Refine your culinary expertise with the Level 3 Diploma in Professional Cookery at Shooters Hill Sixth Form College. Designed for students who have completed the Level 2 Diploma in Food Production and Cooking or a similar qualification, this advanced program equips you with the skills to excel in professional kitchens or pursue higher education. Working in our state-of-the-art kitchens that serve City View Restaurant, you will master complex savoury and patisserie techniques, producing sophisticated dishes for lunch services and our weekly fine dining events. A weekly industry work placement further enhances your practical experience and employability, facilitated by the college.

Course Content

The Level 3 Diploma is an advanced qualification designed to meet industry standards, ensuring graduates are ready to succeed in competitive culinary roles.
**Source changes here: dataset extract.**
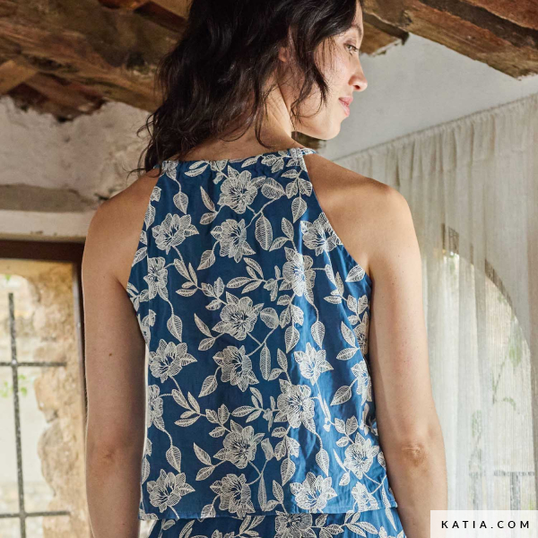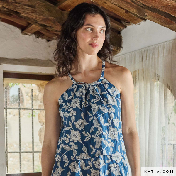 Entdecke das Schnittmuster für ein Damen-Top von Katia Fabrics – ein leichtes und frisches Kleidungsstück mit schmalen Trägern und verstellbarem, gerafftem Ausschnitt mit Schleife. Sein schlichtes und vielseitiges Design macht es zum perfekten Begleiter für den Sommer, kombinierbar mit Shorts, Röcken oder Hosen. Du kannst es aus weichen, luftigen Stoffen wie Baumwolle oder Viskose von Katia Fabrics nähen und so ein bequemes und feminines Top erhalten.

This program covers a wide range of advanced culinary techniques and principles, including: 

  • Prepare and Cook Complex Fish and Shellfish Dishes 

  • Prepare and Cook Complex Meat and Poultry Dishes 

  • Produce Advanced Pastry, Cakes, and Dough Products 

  • Prepare Hot and Cold Desserts 

  • Prepare and Cook Complex Sauces and Dressings 

  • Develop and Improve Skills for Professional Cookery 

  • Supervise Food Safety Practices in Catering 

In addition to these units, students will gain experience preparing and presenting refined dishes in our professional fine dining setting.

Entry Requirements

To enrol in the Level 3 Diploma in Professional Cookery course, you’ll need: 

  • A Level Diploma in Food Production and Cooking or an equivalent qualification 

  • A demonstrated passion for culinary arts and a commitment to excellence  

  • Grade 4 or above in GCSE Maths and English 

Careers

The Level 3 Diploma in Professional Cookery prepares you for advanced roles in the hospitality industry, including: 

  • Commis Chef: Working in professional kitchens and gaining experience across various sections. 

  • Chef de Partie: Taking responsibility for managing a specific area of the kitchen. 

  • Sous Chef: Assisting in kitchen operations and managing junior staff. 

  • Head Chef: Leading kitchen teams and designing menus. 

This qualification also provides a strong foundation for pursuing higher education in culinary arts or hospitality management.